Followers of the Yahweh faith that became Christians knew that all the
Yahweh faiths, the one that became modern Judaism and the one that
became modern Christianity and any others that died off, focused on the
Temple in Jerusalem. They needed to get their people to see that the
end of the temple was not the end of their faith.
We will focus on how the "Christians" did it.
They wrote their Gospel accounts and decided that Jesus would focus
his life on the religion that included the temple, but would prophetically
announce it's destruction. Little Boy Jesus visits the temple. Jesus
throws the money-changers out of the temple. The kicker is where the
disciples say, "Look at the marvelous temple." Jesus answers that
"not a stone will be left upon a stone." Even that wasn't true, there were
some stones on stones and a section of wall standing. But it was very
poetic and easier to remember than "The temple will be torn down."
The Gospels were written in such a way to highlight that worship can
continue without the temple, for indeed, the temple was already gone and
the people were devastated. So the Gospels added what would take the
place of the temple- Jesus' own body would be that temple.
Jesus isn't the one that lied to you, friend. The great authors/editors that
founded the Way or Christianity lied to you. These are the ones who chose
the four Gospels and rejected all others.

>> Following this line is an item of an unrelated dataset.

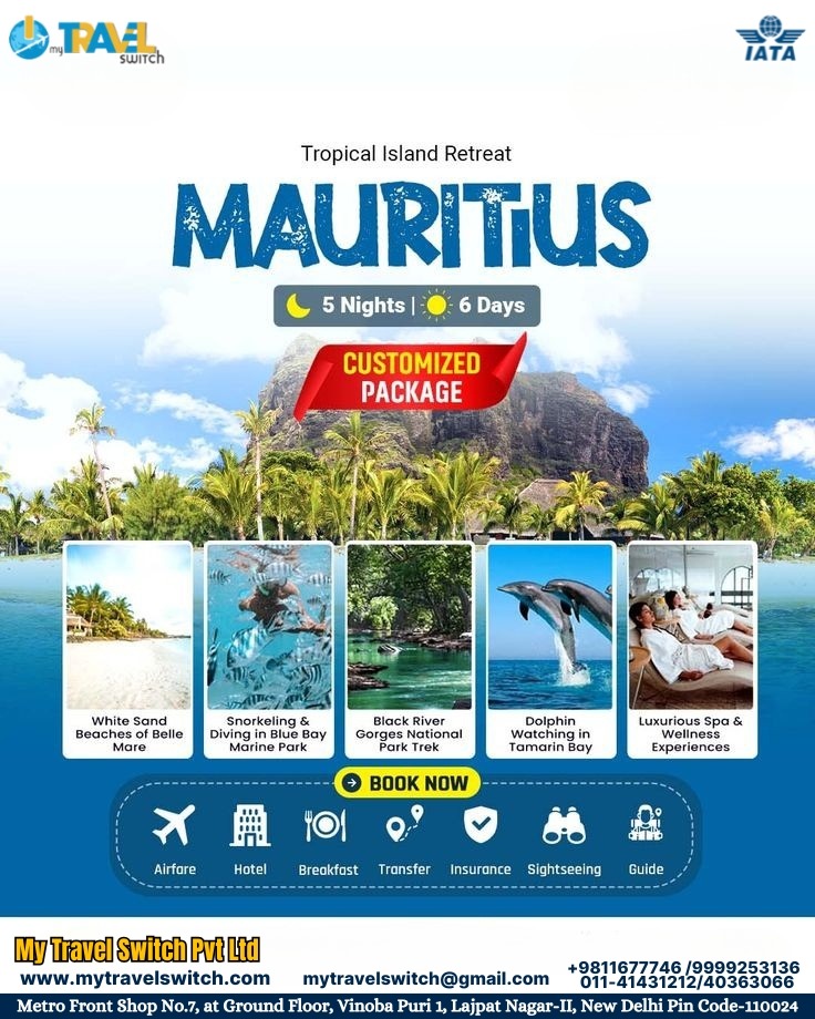 Choose the Best Mauritius Tour Package Services in Lajpat Nagar, South Delhi – My Travel Switch Pvt Ltd. We offer customised local tours, curated itineraries for school holidays, weekend family getaways, and more.

Jesus may or may not have said, "The temple is not needed to worship the
Father. All who worship worship with spirit and truth" or some things along
those lines, but it was a post-temple destruction author that told you all that
stuff about a great tribulation and the conclusion of the (very Israelite) system
of things. Even those authors had no intent to extend the prophecy they gave
to Jesus to 2000 years later.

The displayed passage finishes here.